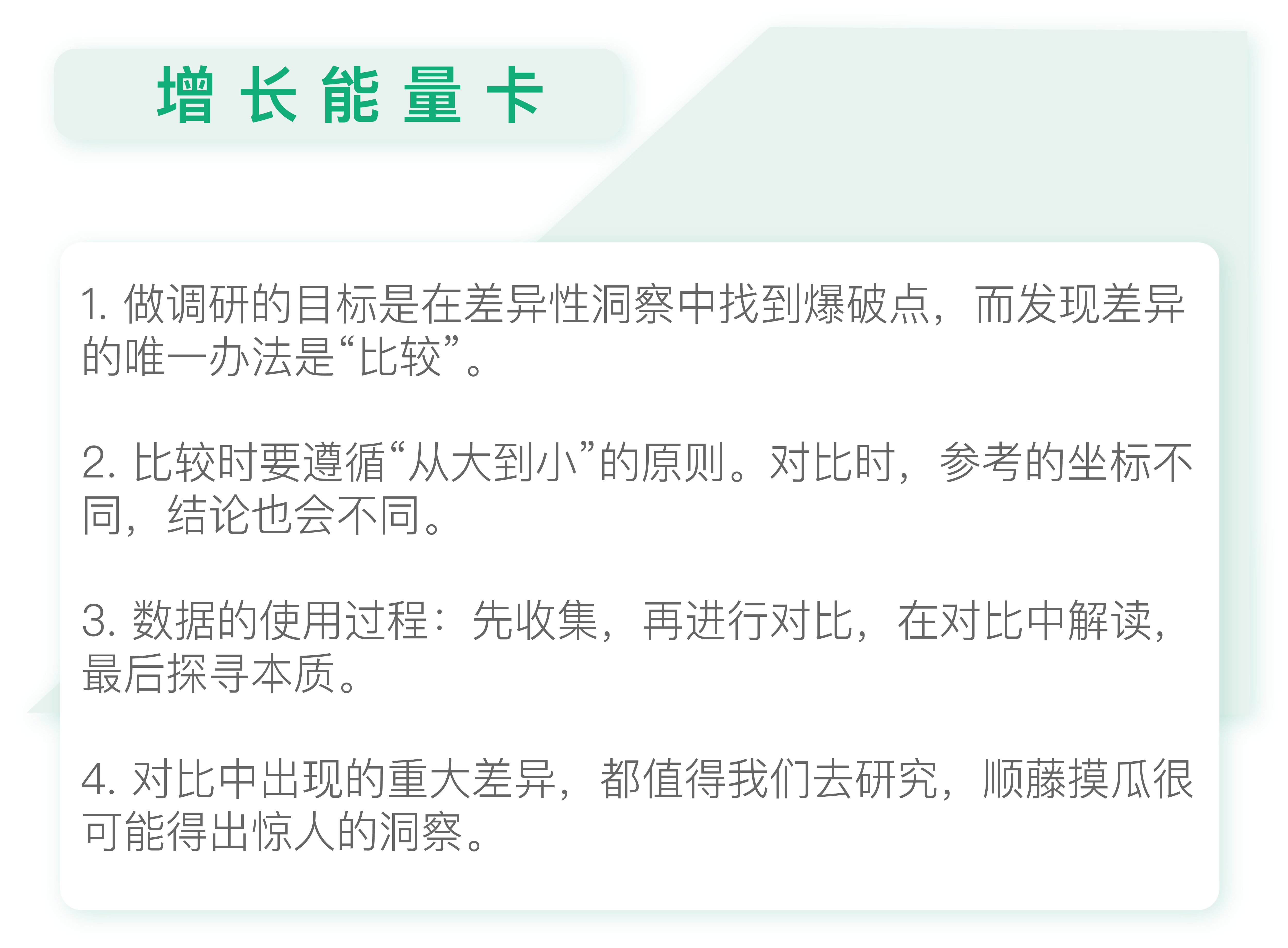 这就解释了为什么在企业中,传统的调研报告内容虽然面面俱到,却难以让人收获意外惊喜,答案就是“缺乏比较”。传统的调研报告只有各种平铺直叙的结论,很难让人有抓到重点、眼前一亮的感觉。
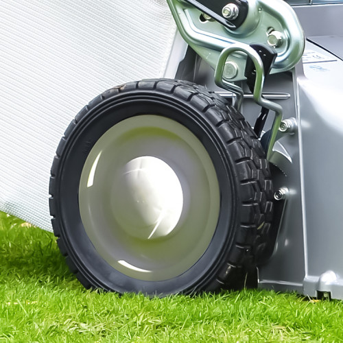 • Four-wheel layout supports even cutting on typical garden terrain
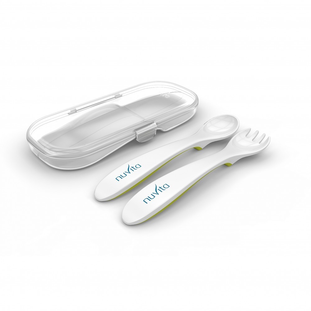 Rukoväť je ľahká a má optimálnu úchop pre drobné ruky. Spodná strana je vybavená špeciálnou hygienickou podporou: Pri umiestnení na stôl nie je časť, ktorá sa vkladá do úst nikdy v kontakte s plochami, na ktorých môžu byť rôzne baktérie. Puzdro je praktickým obalom, ktorý dovolí používať príbory na cestách, bez toho, aby došlo k znečisteniu okolia od zvyškov jedla.
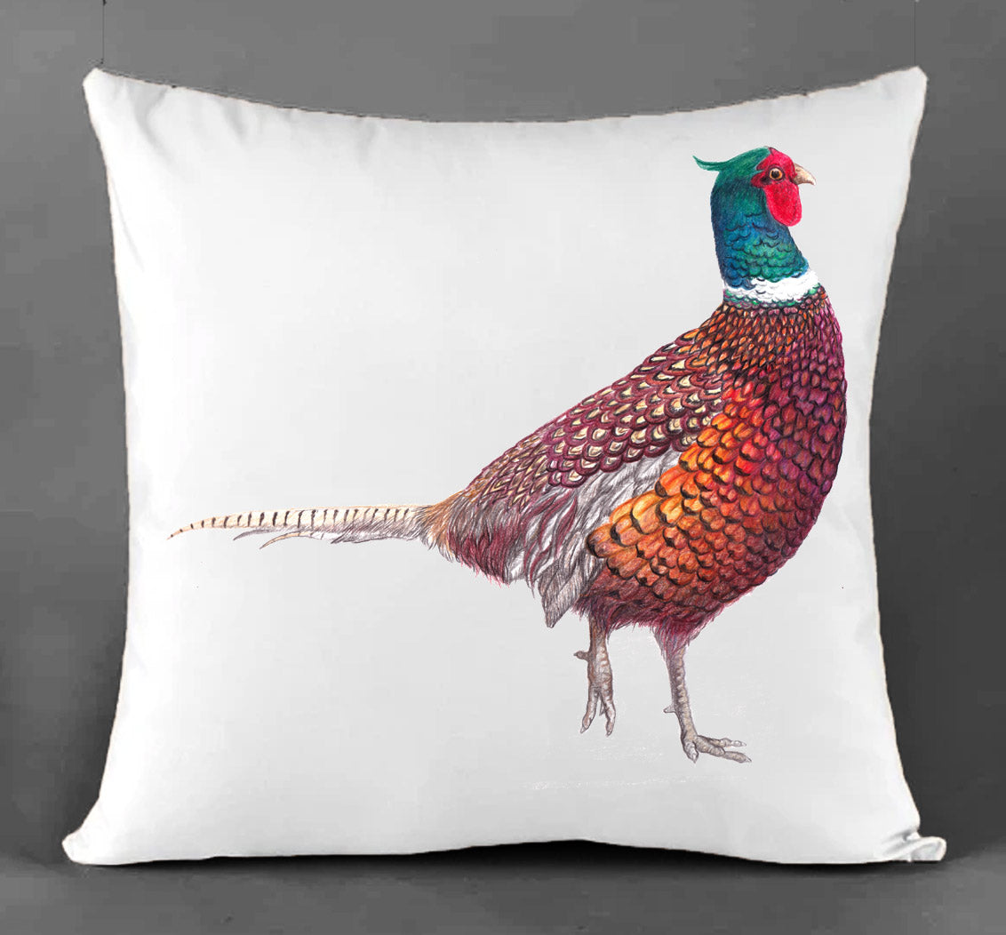 The Pheasant cushion cover features a brightly coloured hand drawn pheasant which would look regal in any home.
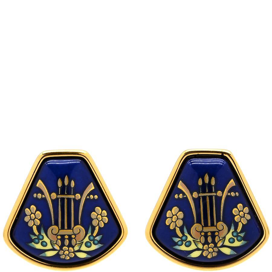 Hermès Enameled Earrings, Navy Blue, Enameled GP, Navy and Gold, Gold Hardware - A classic, popular, excellent condition.
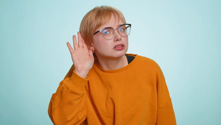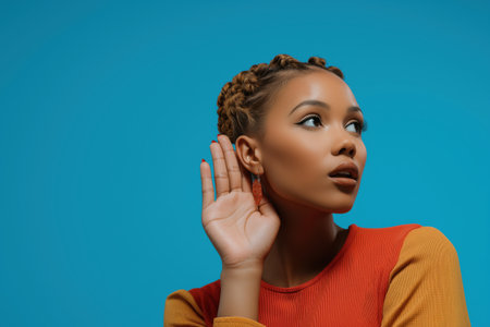 A beautiful and attractive young woman with braided hair holds her hand to her ear, trying to listen to a private conversation against a solid blue background.
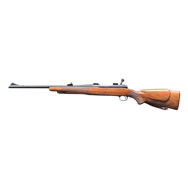 RIFLE. Cal. 30-06. S# 784389. Bbl. 21 7/8". Model 70 bolt-action rifle mfg. by Winchester in 1965. Left side of the bbl. is marked with the Winchester trademark logo, followed by the model and cal. designations. Left side of the receiver is marked with the Winchester trademark logo, with the S# marked on the right side of the chamber. Bbl. exhibits a blue finish, with the receiver, bolt handle, and bolt shroud exhibiting a dull blue finish. Bolt is jeweled in-the-white, with the trigger guard and floorplate exhibiting a black enamel type finish. One-piece checkered wood Monte Carlo pistol grip buttock. Stock is fitted with a brown leather sling. Ramped and aluminum beaded blade front sight with U-notch rear sight. Receiver is fitted with two black aluminum scope rails. CONDITION: Good, with metal components retaining the majority of their original factory finishes overall, exhibiting few spots of light wear, some scattered superficial handling marks, as well as some scattered spots of light surface oxidation. Mirror bore, exhibiting some spots of light pitting, while retaining well-defined rifling throughout. Stock shows scattered superficial marks and some minor impressions from handling and storage, but otherwise remains sturdy and serviceable. (24-7148/MLW). CURIO. $300-500.
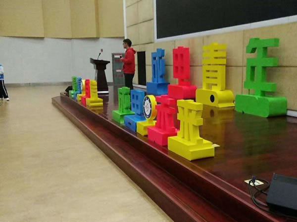 成电青年或活动,超大舞台立体字,造型坚固,喷漆均匀,效果喜人…
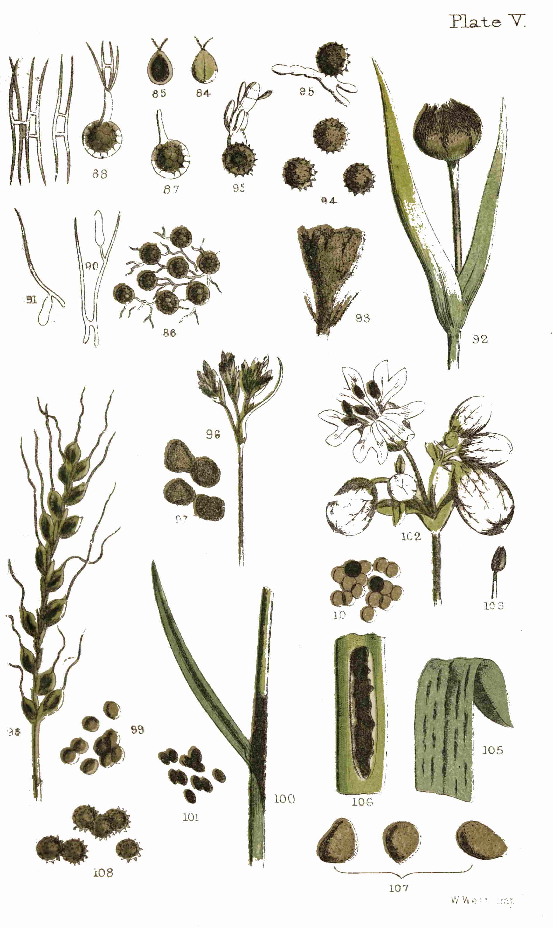 | 〃 | 173. | Spores of Bedstraw brand (Puccinia Galii) × 320. |
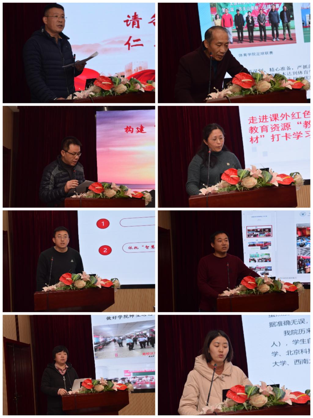 会上,各学院副书记分别就本院一年来在大学生思想政治教育、党团班级建设、学风建设、学生日常事务管理、心理健康教育、危机事件应对、职业规划与就业创业指导、理论和实践研究等方面的工作举措及特色亮点进行了汇报交流。
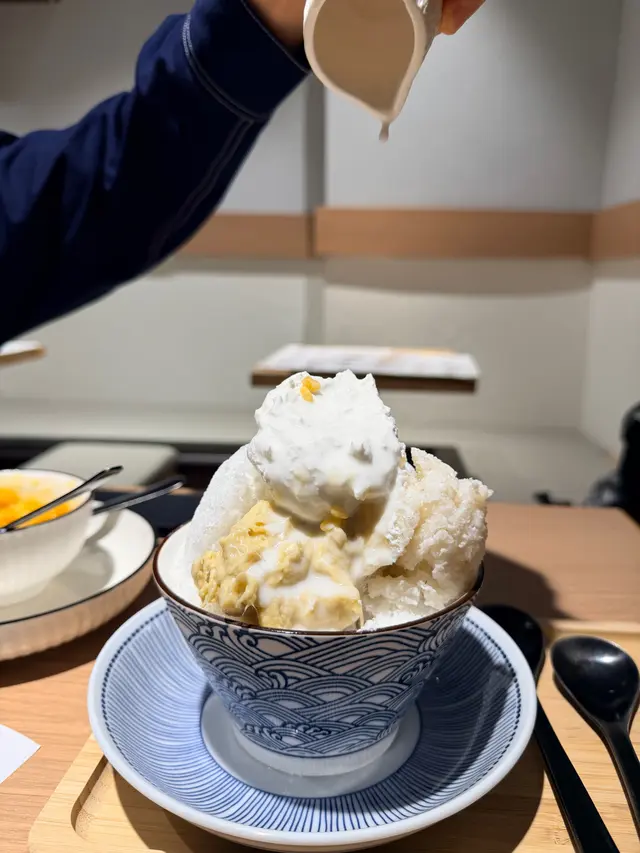 店員即場用芒果汁炒成冰磚再刨製,過程好似看表演~入口綿密到似雪糕,濃濃芒果香加上真實果肉,搭配煙韌麻糬同脆脆,口感層次爆燈!真心透涼首選💛

AIM OF THE TASK » Please reproduce the lines exactly from the one containing "Galii) × 320. |" through the last line of the data above, and keep the pictures out.

RESULT BELOW »
 | 〃 | 173. | Spores of Bedstraw brand (Puccinia Galii) × 320. |
 会上,各学院副书记分别就本院一年来在大学生思想政治教育、党团班级建设、学风建设、学生日常事务管理、心理健康教育、危机事件应对、职业规划与就业创业指导、理论和实践研究等方面的工作举措及特色亮点进行了汇报交流。
 店員即場用芒果汁炒成冰磚再刨製,過程好似看表演~入口綿密到似雪糕,濃濃芒果香加上真實果肉,搭配煙韌麻糬同脆脆,口感層次爆燈!真心透涼首選💛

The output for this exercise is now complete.